We are building a rationale for fleeing even as we probe for potential benefits of staying. Like Will Smith's date doctor in the movie Hitch, we become experts in establishing relationships up to a certain point, but we hold back when vulnerability and cost become apparent. Our flesh screeches at the notion of admitting that we are sheep and shepherds both, dependent likewise on being provided for and led.


God also gets the attention of His nominal shepherds by plundering "their" pasture. The picture here would be funny if it were not so tragic. Can shepherds eat the grass the sheep so desperately need?

Of course not, but they can think of the pasture as theirs, think of this sheep as entirely dependent on them when such a notion puffs up their ego rather than chafing against it. We want in our relationships a one-way exit clause.

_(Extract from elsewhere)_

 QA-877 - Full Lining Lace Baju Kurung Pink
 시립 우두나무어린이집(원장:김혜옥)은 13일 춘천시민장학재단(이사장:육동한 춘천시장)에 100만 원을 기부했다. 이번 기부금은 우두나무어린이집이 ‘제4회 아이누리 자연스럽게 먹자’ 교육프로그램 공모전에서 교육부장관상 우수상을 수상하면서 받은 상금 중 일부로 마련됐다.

Our notion of shepherding, of discipling, is that the spiritually immature will be entirely dependent on us, on "our" pasture for so long as this enhances our definition of ourselves. God, then, plunders the pasture to show that it is HE Who feeds His sheep. He always has other pastures and can shepherd His sheep directly, guiding them to beneficial relationships and settings in different seasons of life. One plants. Another waters. GOD gives the increase.

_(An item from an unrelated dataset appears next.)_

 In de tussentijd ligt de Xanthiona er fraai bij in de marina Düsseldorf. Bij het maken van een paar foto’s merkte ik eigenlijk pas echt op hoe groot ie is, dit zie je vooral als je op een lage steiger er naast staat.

The reach of God's correction of the selfish shepherd's heart is not shortened. Touch his sense of safety, security, and significance, and he may change settings to seek these without confessing his own abject reliance on God. Expose the folly of his notion of HIS field as the sheep entrusted to him are fed elsewhere in the expanse of God's great blessing, and he may retreat still further inward to avoid God's just claim on him and his service.

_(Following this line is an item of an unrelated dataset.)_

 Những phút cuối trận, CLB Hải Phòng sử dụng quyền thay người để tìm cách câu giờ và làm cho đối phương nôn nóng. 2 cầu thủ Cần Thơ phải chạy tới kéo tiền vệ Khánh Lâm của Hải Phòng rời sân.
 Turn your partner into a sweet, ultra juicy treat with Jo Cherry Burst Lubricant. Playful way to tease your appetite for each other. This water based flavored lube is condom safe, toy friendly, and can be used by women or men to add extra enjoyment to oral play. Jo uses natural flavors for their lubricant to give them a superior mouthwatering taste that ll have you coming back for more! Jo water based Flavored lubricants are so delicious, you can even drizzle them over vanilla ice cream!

God's to disturb, He asserts in Jeremiah 25:37, is also the peaceful dwelling of the shepherd. Even when he is off the clock and free, he thinks, to reconstruct the narrative of the day's "service" in the way that best sustains his sense of self-sufficiency, God reaches even there.

He can, at His discretion, touch the dreams of the pharaohs in order to prick the heart of the nation. True rest is His to grant. The psalmist can find it on the battlefield.. The selfish shepherd cannot quite close out the claims of conscience.


God can and will steal rest when rest is not in Him. He can disturb the relationships which, humanly speaking, underpin domestic tranquility if we use these to distract from our dependence on Him and our duty as shepherds to influence for Him.


Arrange our domestic comforts as we will, the very walls and roof are His to shake or give to another if we think the threshold of the house is not His to cross. Think we that we have earned these by the quality of our slipshod shepherding? Dissonance awaits and awakes.


But, oh, what sincerity and security beckon on the other side of repentance! When we cry out to Him as the Good Shepherd, when our souls relate to Him as Abba Father rather than as nominal supervisor of our superficial shepherding, our human relationships are transformed in the overflow.

Spurgeon knows this from experience, declaring with Paul in "A Lecture for Little-Faith" "There is an interest felt by a spiritual father that is not to be equal by the tender affection of a mother towards her babe. 'Ay,' said the apostle, 'I have been tender over you as a nursing father,' and in another place he says he had 'travailed in birth,' for their souls."


This is not a contest of the closeness of motherhood versus fatherhood. This is an invitation for us to surpass the intimacy of even the closest biological relationships we know. Vital, intercessory discipleship is this compelling.


It is all engaging, such that we would not look for a shortcut for our convenience. It is to experience the richness of God side-by-side with another, such that our mouths would be too full of His goodness to lay claim to "our pasture." It is a habit and a heartiness we take home with us, and gladly so.

We are filled to pour into family all we have to offer and have learned in comparatively peripheral relationships. Shepherd becomes who we are, not just an obligation we fulfill, and in this we are transformed into the likeness of the Good Shepherd.